India’s pick of institutions for prestige list draws fire

One of them does not yet exist.

18 July 2018

T.V. Padma

Hindustan Times / Contributor / Getty

National Students Union of India members protest against the selection of the Jio Institute as an Institution of Eminence near the home of human resources development minister Prakash Javadekar in Kothrud, Pune.

India has announced the first six names on its much delayed list of 20 Institutions of Eminence in an initiative aimed at fostering the country’s development of ‘world class’ teaching and research institutions.

There are three publicly funded and three private universities among the six announced by the Ministry of Human Resources Development (MHRD) on July 9. Each will receive $145.9 million over five years, as well as greater autonomy in hiring foreign faculty, accepting foreign students, and taking part in academic collaborations.

Congratulating each institution in a series of messages on Twitter, HRD minister Prakash Javadekar said the initiative would help them grow more rapidly, improve quality and scale up their skills “so that they become world class institutes.”

But the nomination of the Reliance Foundation’s Jio Institute, which does not yet exist, drew strong criticism on social media. A defensive response from the government that the proposed institute fits the criteria for Institutions of Eminence in the ‘green field’ category has done little to quell disquiet over the inclusion of institutions yet to prove their value.

“I am baffled by the concept of 'green field' university as they are yet to prove their worth,” says Subhash Lakhotia, professor of zoology at Banaras Hindu University.

NARINDER NANU / Contributor / Getty

Indian Minister of Human Resource Development Prakash Javadekar.

Since the initiative was first revealed by finance minister Arun Jaitley in his 2016 budget speech, it has been delayed by disagreement over whether to include institutions based on their global rankings, or on India’s new ‘national institutional ranking framework’ (NIRF) preferred by the MHRD, or a combination, favoured by the expert selection committee. MHRD prevailed, insisting national rankings would give institutions with strong potential a chance to join the elite ranks.

The six making it to the first cut include the Indian Institute of Science, Bangalore and the Indian Institutes of Technology in Mumbai and Delhi (ranked 1st, 3rd and 4th respectively in the NIRF); and the privately funded Manipal Academy of Higher Education, Manipal and Birla Institute of Technology and Science, Pilani (NIRF-ranked 18th and 26th respectively) as well as the mooted Jio Institute, in the western state of Maharashtra. There is no indication of when the other 14 institutions will be revealed.

New guidelines emphasise quality over quantity

The Institutions of Eminence initiative is part of a wider drive to boost performance and quality in India’s higher education and research sector. In a separate development, a leading Indian science academy released new policy guidelines in May for assessing the research output of individuals and institutions. The Indian National Science Academy, New Delhi cited concern over “significant inconsistencies” and “serious limitations of the various bibliometric parameters” used by government departments and funding agencies. Institutes in India are overseen by different ministries with no standard system for assessment of their performance.

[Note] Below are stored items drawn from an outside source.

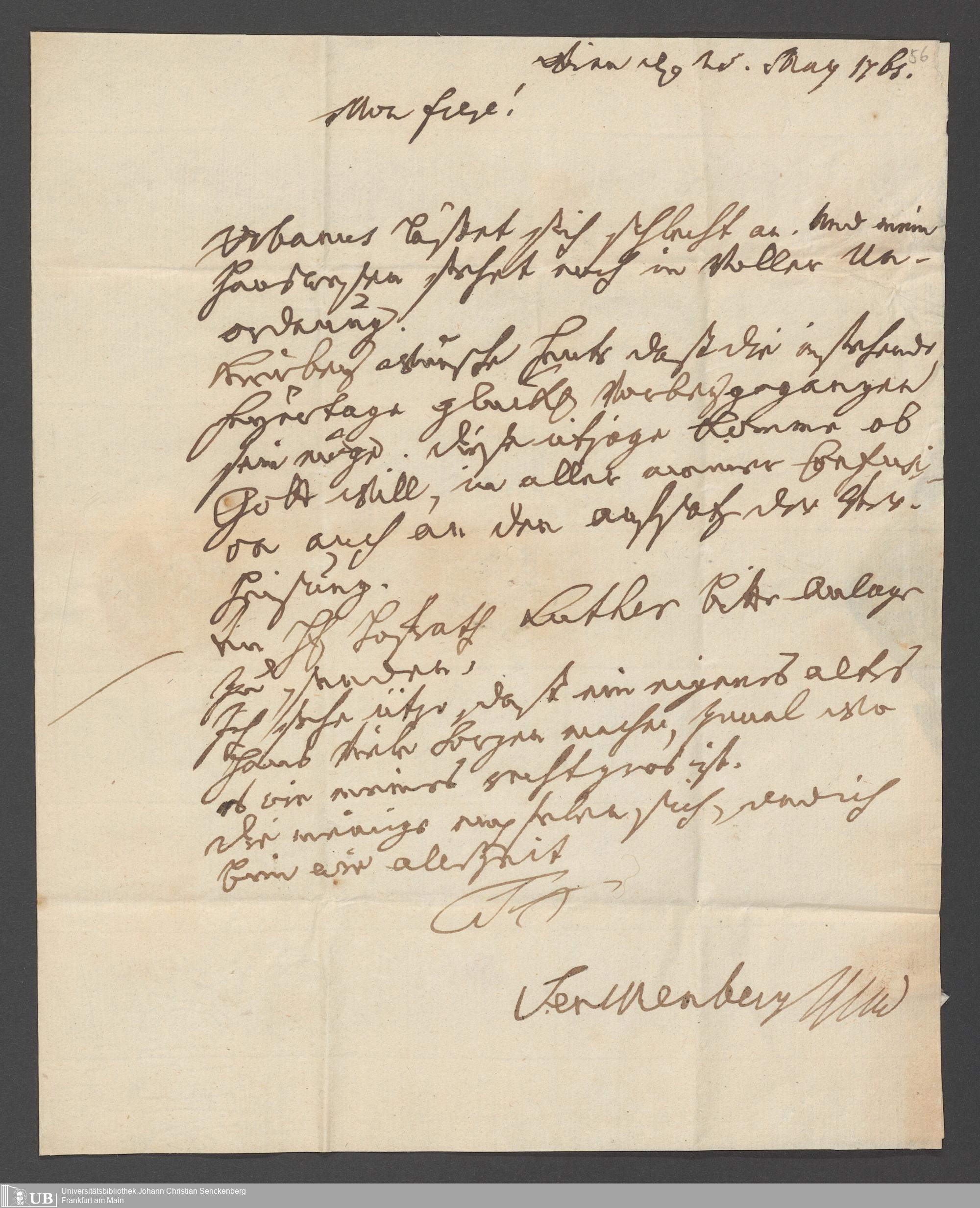 Na 31 Nachlass Johann Christian Senckenberg, 355 - Briefe Heinrich Christian Senckenbergs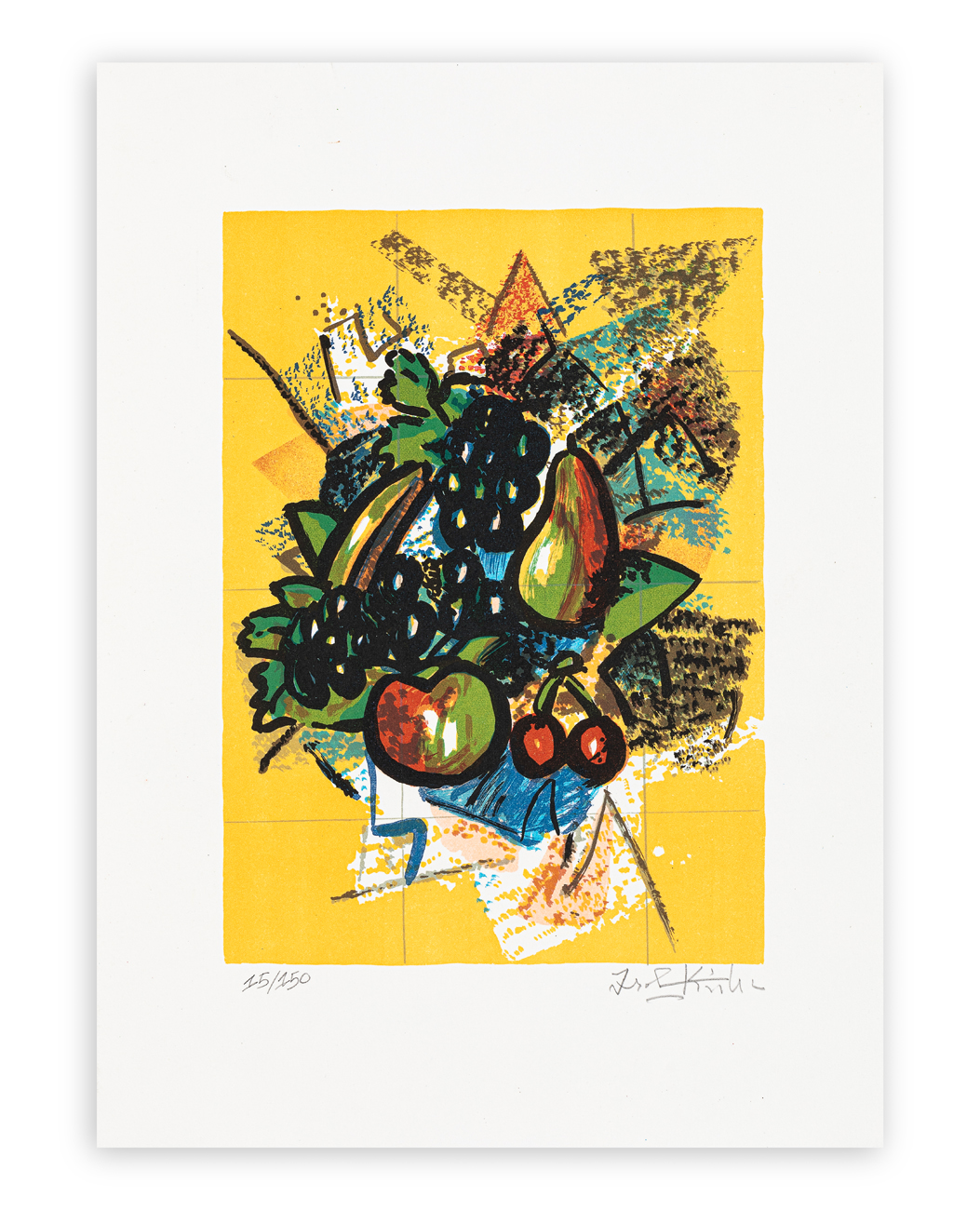 Firma e numerazione (Esemplare 15/150) a matita al fronte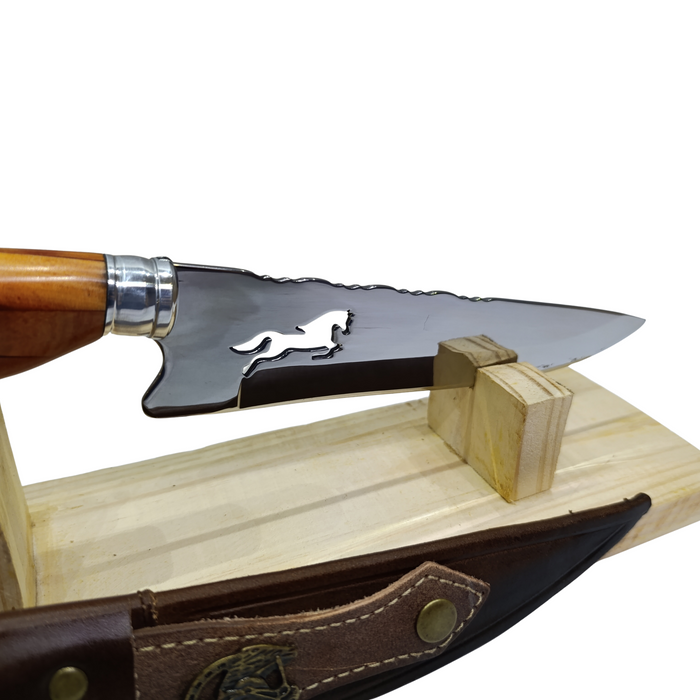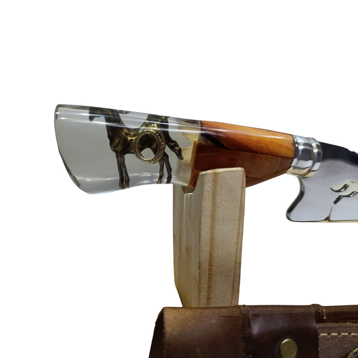 O grande diferencial está no design exclusivo e marcante: a lâmina traz desenho de cavalo vazado, simbolizando força, liberdade e nobreza. O cabo em madeira e resina recebe um acabamento artístico com um cavalo em bronze aplicado na resina, transformando cada peça em uma verdadeira obra de arte. Acompanha bainha em couro, garantindo proteção, praticidade e sofisticação no transporte.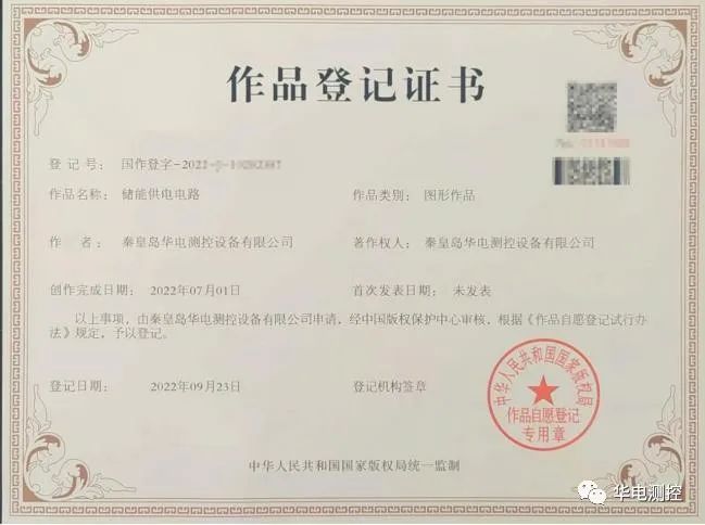 熱烈祝賀華電測控知識產(chǎn)權(quán)再添一員” 2022-10-262022年9月26日,秦皇島華電測控設(shè)備有限公司收到中華人民共和國國家版權(quán)局頒發(fā)的《儲能供電電路——作品登記證書》。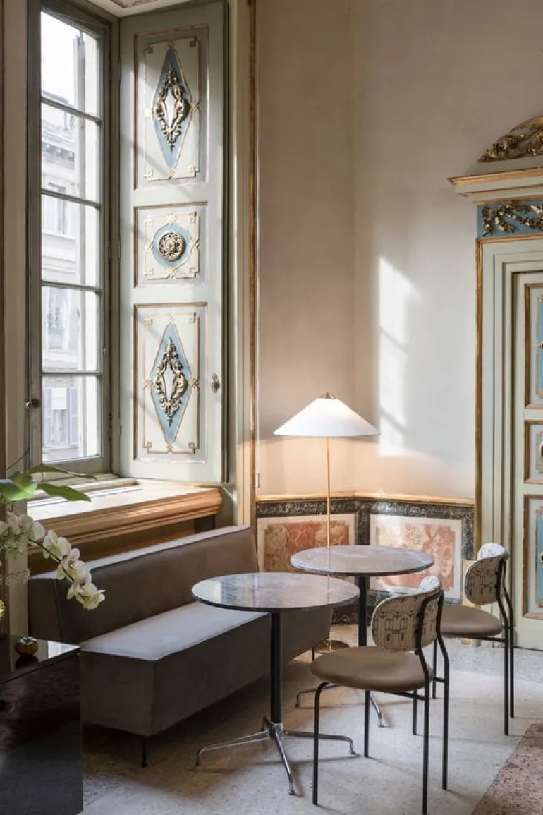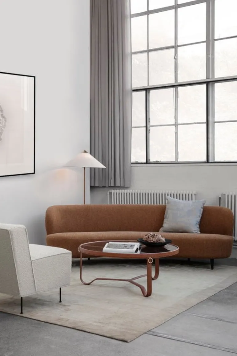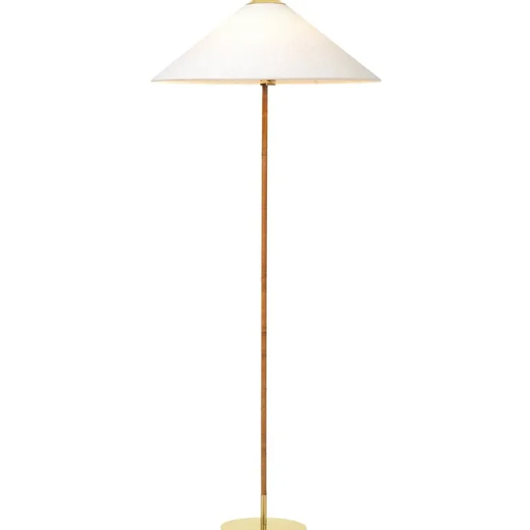 Den finska belysningsdesignern Paavo Tynell skapade golvlampan 9602 för hotellet Aulanko i Tavastehus, Finland år 1935. Lampan kännetecknas av en bred skärm som liknar en traditionell kinesisk hatt och en smal, rottingklädd fot som kontrasteras av glänsande mässing i basen och på toppen av lampskärmen. 9602-lampan är ett utmärkt exempel på Tynells förmåga att förvandla belysning till konst och kombinera olika material sömlöst. Armaturen är en del av Paavo Tynell-kollektionen som släpptes 2018 av det danska designmärket Gubi.
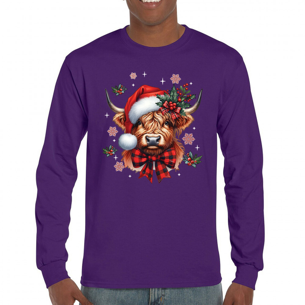 Festive Highland cow Christmas design with Santa hat, plaid bow, holly, and rustic farmhouse holiday charm. Perfect for cozy winter decor.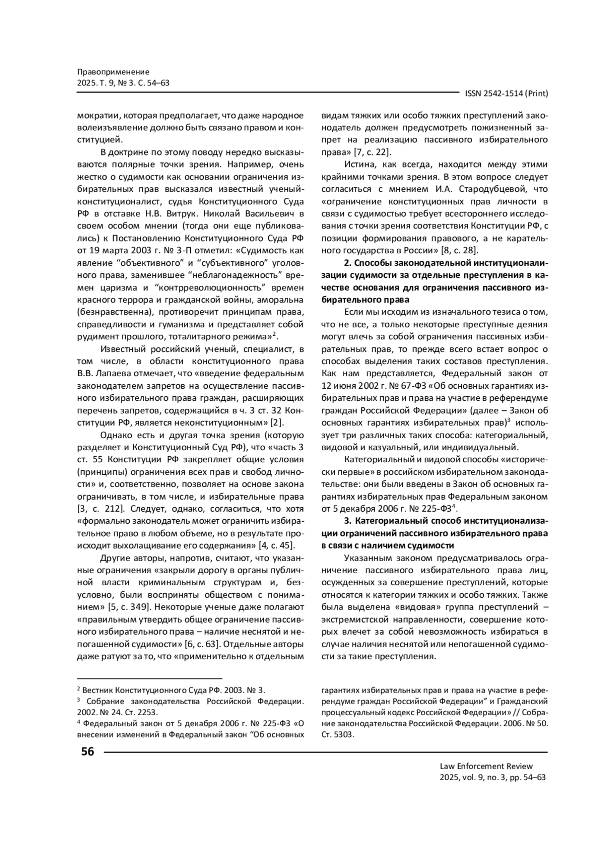 18. Красинский В. В. О правовых позициях Европейского суда по правам человека и Конституционного Суда Российской Федерации по вопросам ограничения избирательных прав в связи с наличием судимости / В. В. Красинский // Современное право. - 2014. - № 2. - С. 34-41.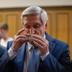 5月24日,在俄羅斯莫斯科的國家杜馬大樓,俄中友好協(xié)會(huì )主席、俄羅斯國家杜馬(議會(huì )下院)第一副主席伊萬(wàn)·梅利尼科夫(中)品味來(lái)自中國云南的茶。新華社記者 孟菁 攝

“Inappropriate guidelines about assessment by different agencies and their misuse have seriously vitiated the research output and assessment scenario in the country,” INSA said.

The guidelines emphasise the quality and impact of research instead of relying simply on article counts in journals, including those with high impact factors, says Praveen Chaddah, a guidelines author, and a former director of the University Grants Commission Department of Atomic Energy Consortium for Scientific Research (UGC-DAE), Indore.

They cover five issues: promoting a pre-print archive publication policy; promoting journals published in India; minimizing predatory journals and predatory conferences in the country; categorizing and evaluating research efforts; and payment of ‘open access’ charges and publication of conference proceedings, specifically in Indian context.

Required and overdue

The guidelines “are perhaps the first to formally emphasize that making a distinction between 'national' and 'international' journals is derogatory, and has resulted in the stunted growth of good research journals in the country, while promoting the extremely dangerous breed of 'predatory' journals which call themselves 'international',” says Lakhotia, also a co-author.

The guidelines were welcomed for support of open access research and publication, among other things. They are “very much required and overdue,” says Sridhar Gutam, senior scientist at the Indian Institute of Horticultural Research, Bangalore, and convener of India’s open access movement.

The guidelines state that publication in predatory or bogus journals – named on a yet-to-be-completed list, recently published by the UGC — should not be counted.

They also promote the use of pre-print archives, “which not only safeguards claims of priority of data as well as ideas, but also permits free, unhindered open access to research,” says Lakhotia. Indian researchers will be able to more easily find online work by others from publicly-funded institutes, which has been mostly confined to pay-walled journals, says Anup Das, Centre for Studies in Science Policy, Jawaharlal Nehru University, New Delhi. He says less than 5% of Indian universities and less than 5% of Indian S&T institutions have established pre-print repositories.

India also proposes to replace UGC with a new regulatory body, and is making attempts to ensure that disbursal of university grants is objective, transparent, based purely on merit and online, to end outdated paper-based administration.